In 1999, Skoler earned an MBA at the University of Virginia as a Frank Batten Media Fellow and joined McKinsey and Company as a management consultant serving media and technology companies.
In 2003, he became managing director of news for American Public Media/Minnesota Public Radio. There, he created Public Insight Journalism, a new model that efficiently brings newsrooms into partnershp with the audience on defining stories, newsgathering and production.
Public Insight Journalism relies on a growing citizen source network of 75,000 and has spread to eight other news organizations around the country. Partner newrooms, Minnesota Public Radio News, and national shows, such as Marketplace and Speaking of Faith, use the network to identify emerging stories, define major news projects, gather information on deadline and communicate daily with diverse public sources to help set the coverage agenda.

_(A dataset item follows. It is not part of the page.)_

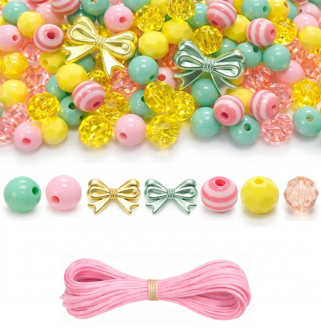 W skład zestawów wchodzi 100szt koralików w tonacji kolorystycznej różowo-zielono- żółtej.

In 2006, Skoler became the founding executive director of the Center for Innovation in Journalism at American Public Media. Skoler was executive producer of the audience-designed show, In The Loop, and led the creation of 4 popular online news games that tap public knowledge. The most recent game, Budget Hero, was released for the 2008 election.
Skoler left the Center in July 2008 to take a one-year family sabbatical in southern Mexico. He has taught and lectured on journalism in the U.S., Europe and Africa.

Dr. Robert M. Steele
Dr. Robert M. Steele is the Director of the Janet Prindle Institute for Ethics at DePauw University in Greencastle, Indiana. He is also a professor at DePauw specializing in courses in Leadership and Responsibility; Journalism Ethics; and Values and Storytelling. He is a 1969 graduate of DePauw where he majored in economics. He earned a masters degree in television-radio from Syracuse University and a Ph.D. in Mass Communication from The University of Iowa where he wrote his doctoral dissertation on journalism ethics. He has received an honorary doctorate in journalism from DePauw University and an Honorary Doctorate in Humane Letters from Emerson College. He served in the U.S. Army from 1969-1972, including ten months as a communciations officer in Vietnam where he was awarded a Bronze Star for Meritorious Service.
In addition to his work at DePauw, Bob Steele is also the Nelson Poynter Scholar for Journalism Values at The Poynter Institute in St. Petersburg, FL where he was on the faculty for nearly 20 years. At the Poynter Institute he has worked with thousands of professional journalists on issues of ethics, values and leadership.He led ethics workshops for over 100 news organizations around the United States. He has also conducted journalism ethics sessions in South Africa and in Latin America.